Secretary of State Mike Pompeo used the 30th anniversary of the Tiananmen Square massacre on Monday to remind the world that Communist China’s “one-party state tolerates no dissent and abuses human rights whenever it serves its interests.”
Pompeo issued a statement timed to arrive in China at exactly 12:01 a.m. on Tuesday morning in Beijing, matching up with the date of the Tiananmen crackdown in 1989. The Secretary of State saluted the courage of the “heroic” democracy movement and mourned its violent end:
The hundreds of thousands of protesters who gathered in Beijing and in other cities around China suffered grievously in pursuit of a better future for their country. The number of dead is still unknown.

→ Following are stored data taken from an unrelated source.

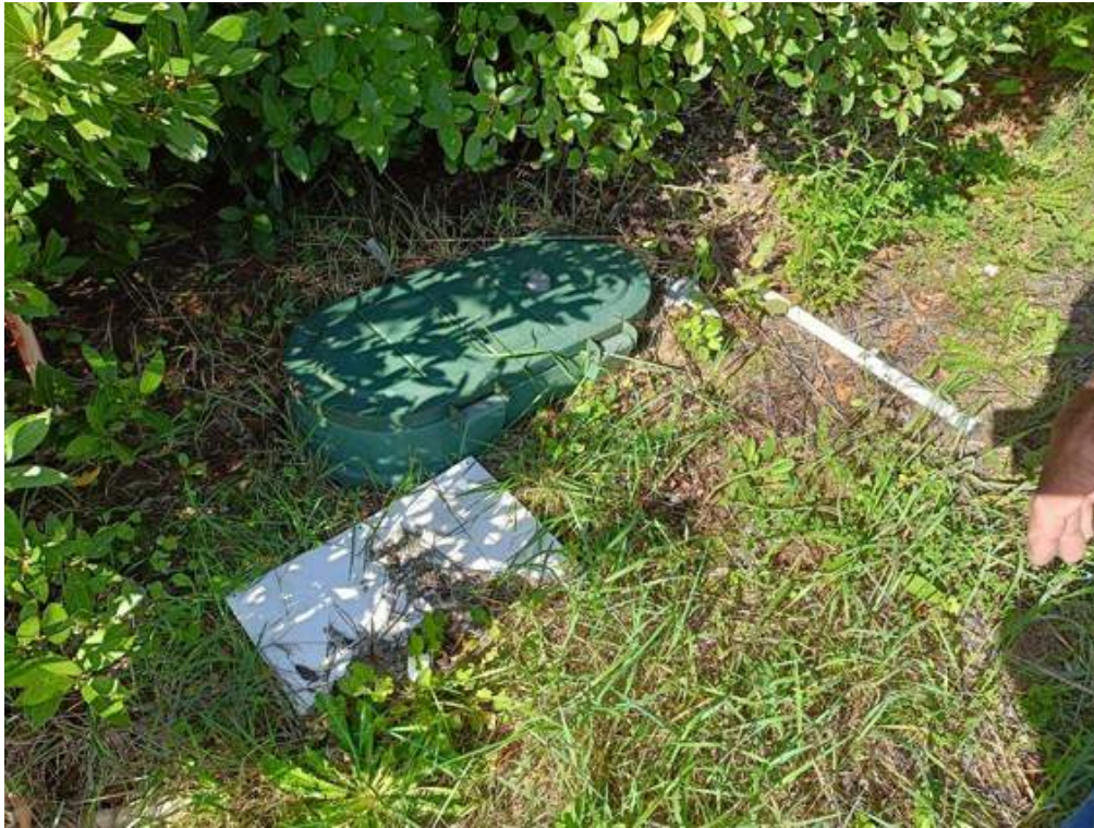
Fotografia I.13 - Bombolone interrato gpl a servizio di vari immobili
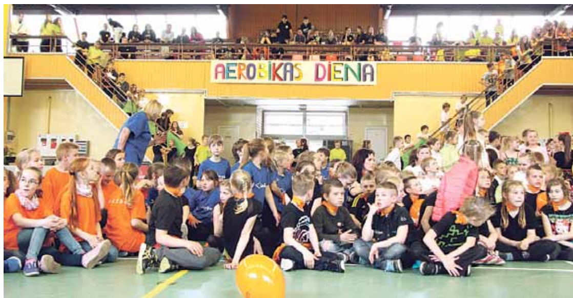
Mirkļis no Aerobikas dienas.
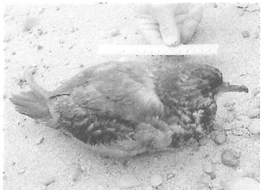
図2. 2005年5月24日に和歌山県白浜町番所崎で釣り糸にからまり漂着したハシボソミズナギドリ Puffinus tenuirostris .
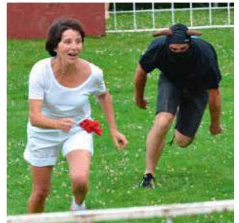
Le taureau François en piste, pour le plus grand plaisir de ces dames.
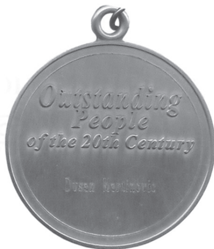
Плакета из Кембриџа — реверс и аверс (1999)
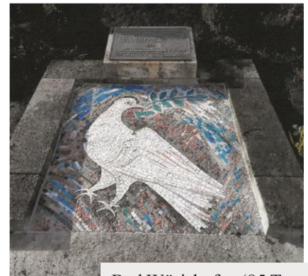
Bad Wörishofen (85 Tote WK I + II): Bodenmosaik fachmännisch restauriert
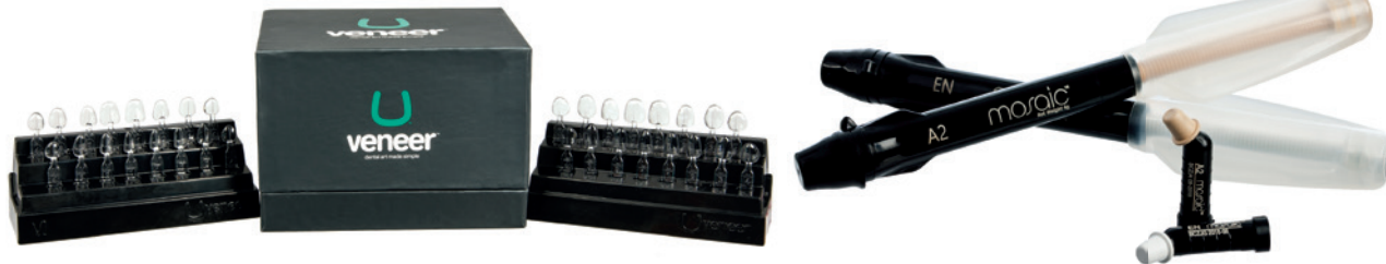
← Anspruchsvolle Kompositrestauration in nur einer Sitzung: Das neue Uvener™.

arbeiten, führt zu optimalen Absorptionen des Laserlichts durch Melanin und Wasser. 20 Watt, supergepult, sorgen für einen sauberen, schnellen Schnitt in Weichgewebe. Insgesamt 19 vorprogrammierte Indikationen
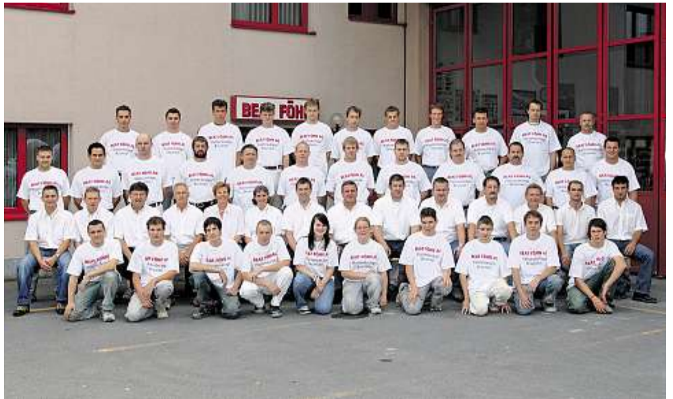
Der neue Geschäftsinhaber wird unterstützt von seinem Mitarbeiterstab.
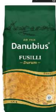
FUSILLI 400G 82/D 3 PRIN.
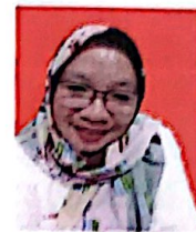
HUSRIANA KASI PELAYANAN
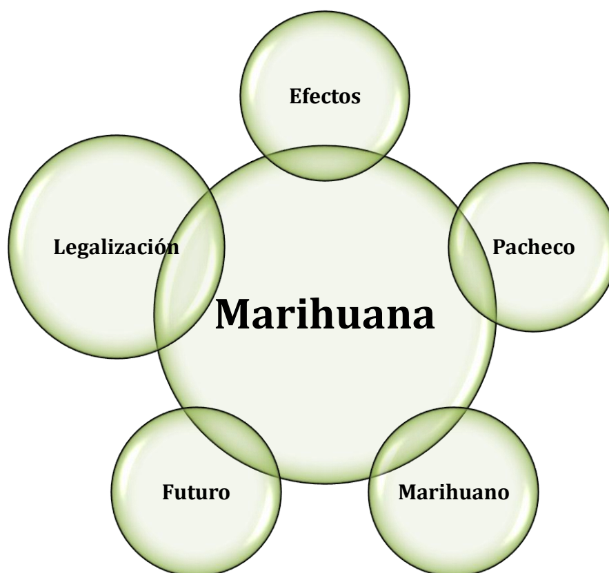
Figura 3. Categoría: Marihuana y sus códigos: Modelo figurativo con núcleo central y periferia

En esta categoría se da un panorama general de lo que para nuestros participantes es el imaginario social que ronda al concepto “marihuana”. Tomando como punto de partida los efectos que causa y la forma cómo la sociedad ve a los consumidores. Para los participantes de nuestro estudio, el sector de la población que reprueba esta conducta son los señores (adultos de la edad de sus padres), pues el imaginario social que este grupo comparte es que los
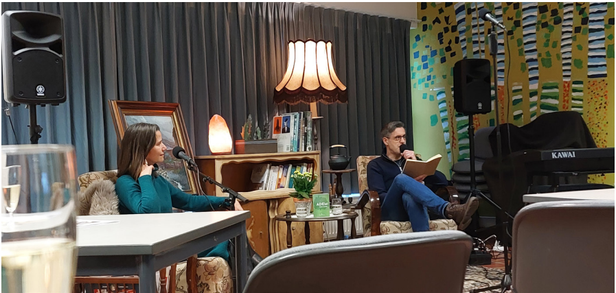
Sfeerbeeld Toast Literair januari 2023
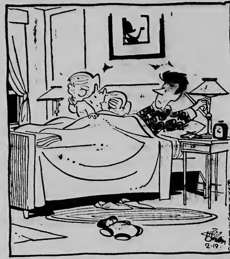
„Was dat alicen maar een donderslag?“
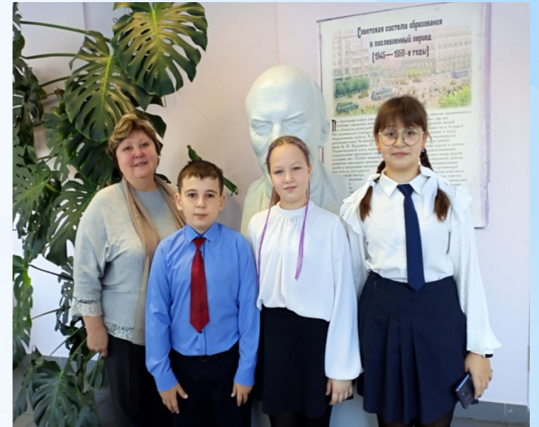
Современная система образования в послесоветский период (1945—1990-е годы)
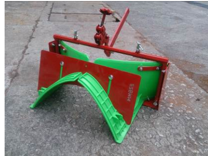
4. 起壟器 安裝於犁田機或旋耕機後方， 用於在耕作前為隆起於鬆土上 的土床定形。
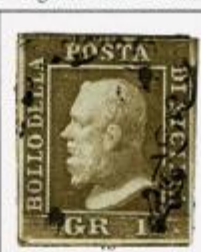
II TAVOLA - NA
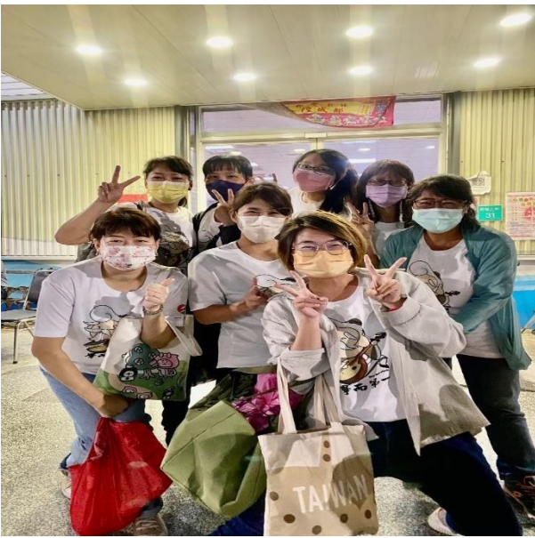
說明：113上團務討論會議
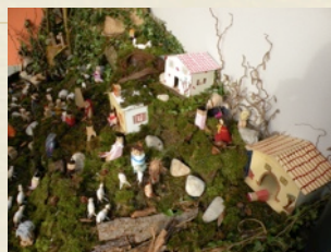
Immagini del presepe
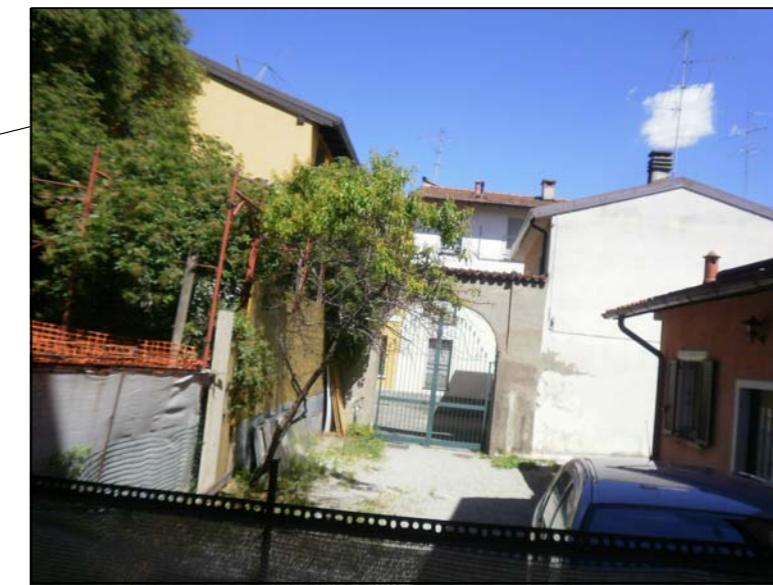
uscita su via Martino Bassi (su area non oggetto di intervento)
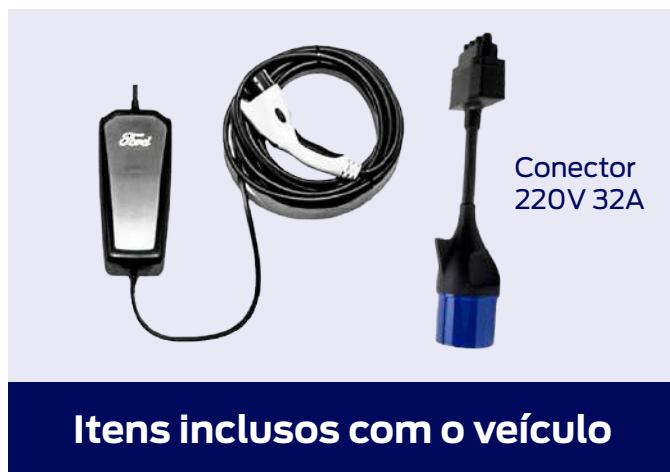
Conector 220V 32A
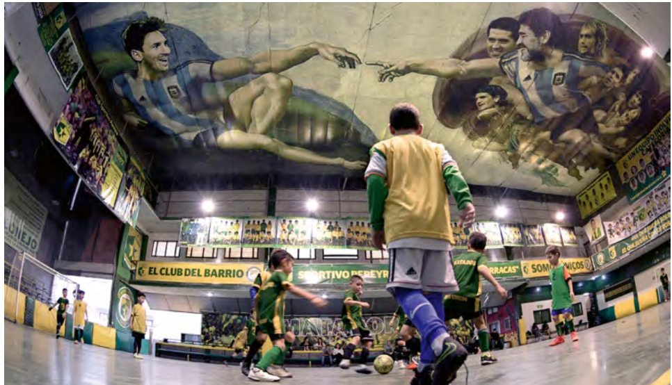
Abb. 7: Ein Sportverein erschafft den Helden. Indem das Deckengemälde Michelangelos Fresko »Die Erschaffung Adams« in der Sixtinischen Kapelle zitiert, wird die Sporthalle sinnbildhaft zu einem heiligen Ort des Fußballs. Diejenigen, die unter den Augen ihrer Helden trainieren, können sich inspiriert fühlen und darauf hoffen, irgendwann selbst in den Heldenhimmel aufgenommen zu werden.

Fig. 7: A Sport Club creates the hero. By referencing Michelangelo's fresco "The Creation of Adam" in the Sistine Chapel, this ceiling painting symbolises the sport facility as a sacred place for football. Those who train under the eyes of their heroes can feel inspired and hope to be accepted into "hero heaven" themselves one day.
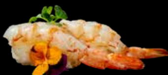
36D NIGHIRI GAMBERI* CRUDO
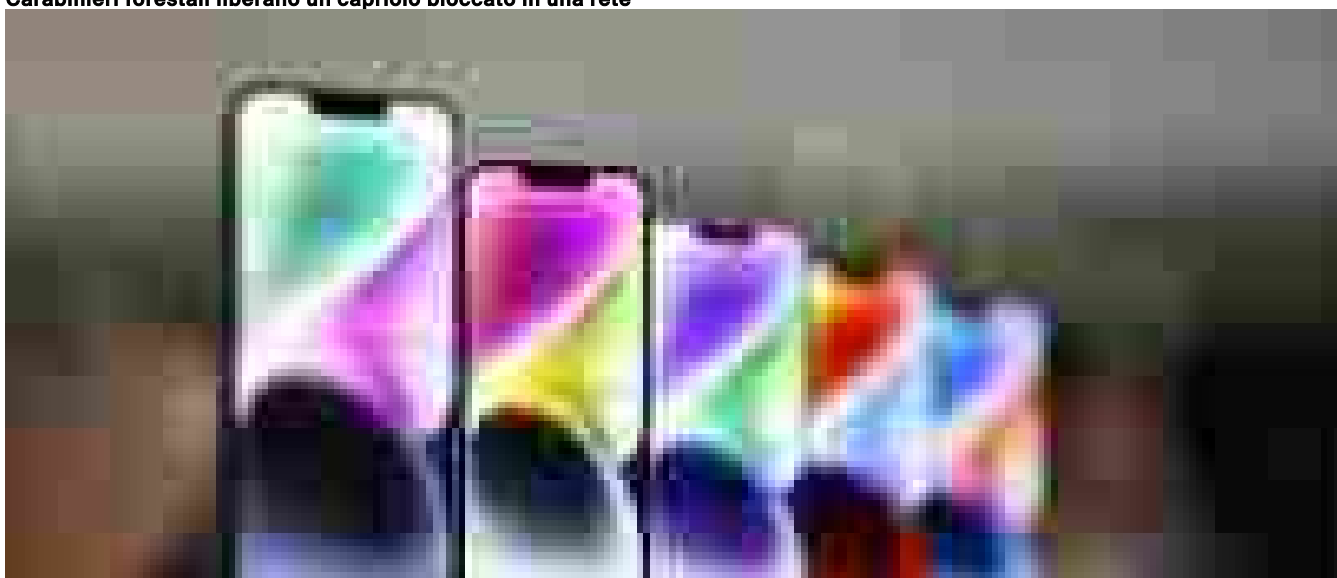
Entro la primavera arriva l'iPhone economico con l'IA

We express our deep sorrow to the families still grieving their lost loved ones, including the courageous Tiananmen Mothers, who have never stopped seeking accountability, despite great personal risk. The events of thirty years ago still stir our conscience, and the conscience of freedom-loving people around the world.
The Tiananmen Mothers are an advocacy group composed of the family members of people killed in the crackdown. They have been able to positively identify a few hundred of the dead despite the Communist government’s refusal to provide accurate casualty information. Members of the group are harassed and placed under police surveillance each year when the anniversary of the massacre comes around.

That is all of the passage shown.